Ces Bentôs ont pour objet d’interroger les correspondances entre les arts, de pointer les thématiques ou esthétiques communes entre différents champs de la création, de les mettre en regard. Il arrive que les programmateurs culturels incluent ces mises en regard dans leur travail, comme le font en ce moment le Festival d’Automne à Paris et la FIAC. Il y a déjà longtemps que le Festival d’Automne a inclus un volet arts plastiques dans sa programmation, mais cette année, la FIAC s’aventure elle aussi assez loin dans le croisement des disciplines.
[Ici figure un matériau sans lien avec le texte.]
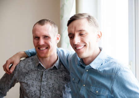 excited gay man holding hands of bearded boyfriend and laughing on gray backdrop, same-sex couple. Happy people celebrate

Le cas de l’islandais Ragnar Kjartansson est sans doute le plus emblématique et le plus passionnant. Programmé au Palais de Tokyo en partenariat avec le Festival d’Automne, l’artiste présente en effet des formes très différentes, qui vont de l’installation à la vidéo, en passant par ce qui est appelé ici une performance, qui fait précisément l’objet d’une coproduction du Palais de Tokyo et du Festival d’Automne.

Cette performance, intitulée Bonjour, peut se décrire comme une scène de théâtre d’une durée de 14 minutes, interprétée en boucle par deux comédiens en costumes qui évoluent dans un décor, répétant avec une extrême précision la partition très chorégraphique imaginée par l’artiste. Dans une salle fermée, Ragnar Kjartansson propose aussi une installation vidéo sur quatre écrans qui se présente comme un making-off en multiples points de vue du tournage pour le cinéma d’une adaptation d’une grande saga islandaise.

Dans un vaste espace, un ensemble de films courts intitulé Scenes from Western Culture propose des saynètes dont chaque photogramme pourrait être un tableau photographique. Non loin de là, avec quelques grands cartons peints, Kjartansson invente un paysage, qui se donne aussi à voir comme un décor de théâtre à l’ancienne. Enfin, une série de vidéos tournée sur une quinzaine d’années montre l’artiste et sa mère dans la répétition d’une même action que je laisse découvrir aux spectateurs à venir. Ainsi, l’artiste islandais s’empare de l’installation, du plateau de spectacle, de la représentation théâtrale, du cinéma, de la littérature, de la photographie et de l’art vidéo.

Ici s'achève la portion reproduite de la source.